Man könnte schmunzeln, wäre diese Art der "Verfassungsauslegung" und der "Behebung einer Notlage" nicht zugleich über die Maßen zynisch. Der gewählte Präsident (laut OSZE entsprach seine Wahl 2010 demokratischen Normen) flieht unter dem Druck bewaffneter Gewalttäter aus der Hauptstadt und anschließend entscheiden Parlamentarier, die zu der Zeit ebenfalls von Bewaffneten bedroht werden, über seine Ablösung wegen "krankheitsbedingter Amtsunfähigkeit". Das ist in der Tat wirklich krank - für die deutsche Bundesregierung aber offenbar kein Problem. Rechtsstaat, Verfassung, Wertegemeinschaft? Solche Begriffe sind anscheinend formbare Verhandlungssache.
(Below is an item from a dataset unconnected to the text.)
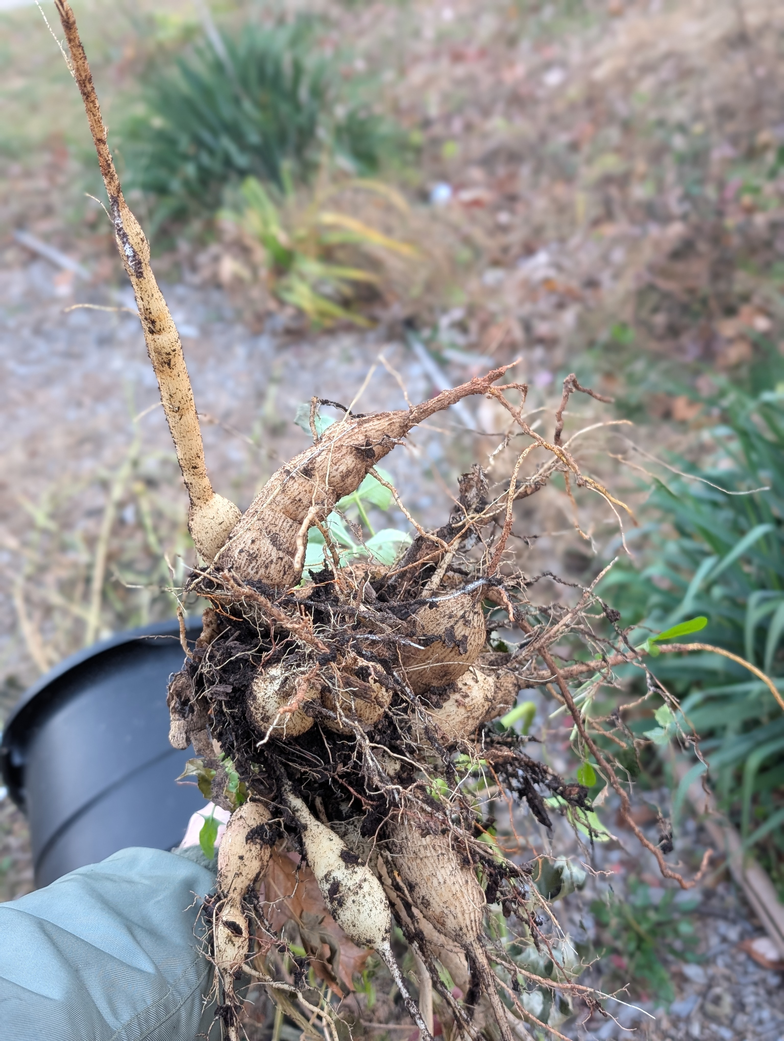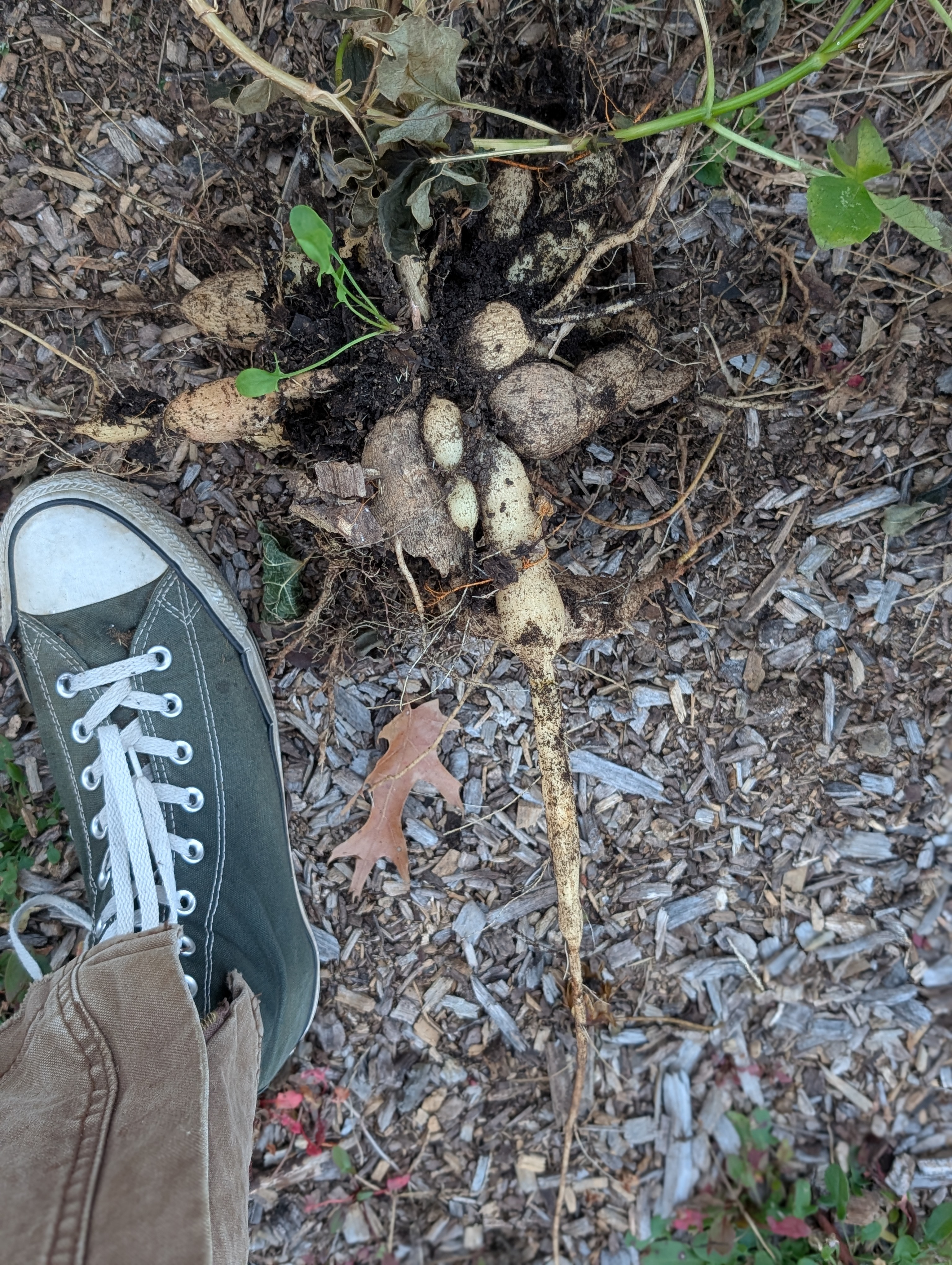 Now the younger plants only had a small handful of tubers each, but I was pleasantly surprised with the volume of tubers on one of our presumably older plants, shown below. One of the tubers was a full cubic in length! I'm digging them up to propagate and move to more advantageous locations come spring.

Wer ist nun der Autor des Papiers? Das Auswärtige Amt äußerte sich auf Anfrage von Telepolis dazu nicht, sandte aber ein Exemplar des PDF-Dokumentes. In den Metadaten der Datei wird als Autor Hubert Knirsch genannt. Knirsch ist Leiter der politischen Abteilung an der deutschen Botschaft in Moskau. Zuvor war er unter anderem Referatsleiter im Auswärtigen Amt für Internationale Wirtschafts- und Handelspolitik. Eine Anfrage an die Deutsche Botschaft in Moskau, in welcher Form man dort an der Erstellung des Regierungspapiers beteiligt war, blieb bis Montagabend ohne Antwort.
Nachträgliche Ergänzung vom 25.2.2014: Am Mittwoch nach der Veröffentlichung dieses Artikels meldete sich das Auswärtige Amt bei Telepolis und wies darauf hin, dass Herr Knirsch nichts mit dem Papier zu tun habe.
Nachdenklich macht auch, welche öffentlich kontrovers diskutierten Punkte in dem Papier nicht erörtert werden. So kommt weder die Frage nach der Identität und den Auftraggebern der Scharfschützen auf dem Maidan vor, noch die Frage nach den Verantwortlichen für den Abschuss von Flug MH-17. Letzteres wurde ja mit einer Verschärfung der Sanktionen gegen Russland beantwortet, ohne dass die Tat selbst aufgeklärt worden war.